巧みな照明と音響設計、そして映像投影の使い方も、この世界観を力強く支えている。
ミニヒを演じるウェンディ・クウェの芝居は見事で、人物像をくっきりと立ち上げ、卓越した技術でパフォーマンスを形作っている。時間の流れや感情の振幅を、いとも容易く呼び起こす。若い頃のミニヒを演じるケイティ・リョンも同様に丁寧な造形だ。勝ち気で少し反抗的な面をきちんと見せつつ、ときおりふっと垣間見える脆さも繊細に表現している。
脇を固めるキャストも総じて強い。デイジー・ハガードが演じるリズは、最初はアメリカの店員として登場する。観客はジュニヒの視点、つまり“外国語”として英語を耳にすることになり、ハガードはそれを見事にやってのける。さらに後の場面で、その言葉がどう“理解できるもの”へと変化していくのかが実に興味深い。
ワイルド役のパーパ・エシエドゥは、ジュニヒの恋の相手として、説得力のある共感的な人物像を提示している。

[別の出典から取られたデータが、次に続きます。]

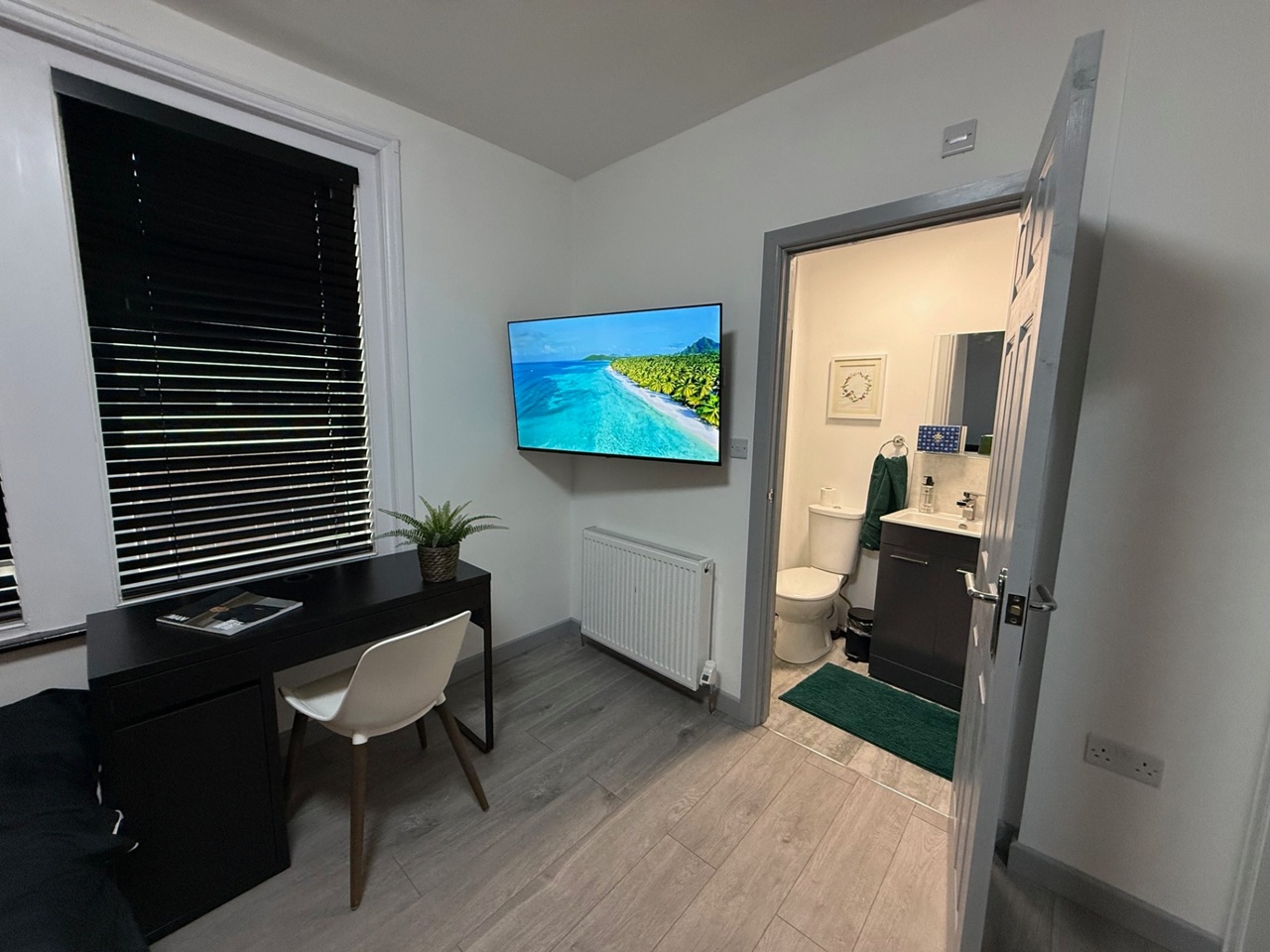 The room included a full set of brand-new furniture, 50" smart TV, a new memory foam mattress and a fridge freezer.

クォン・ロークとアンドリュー・リョンはともに複数の役を演じ分け、アンサンブルに効果的に貢献している。
『You For Me For You』は、よく練られた重要な作品であり、観客に対して、実際に“体験”してこそ理解できる状況と束の間つながる機会を与えてくれる。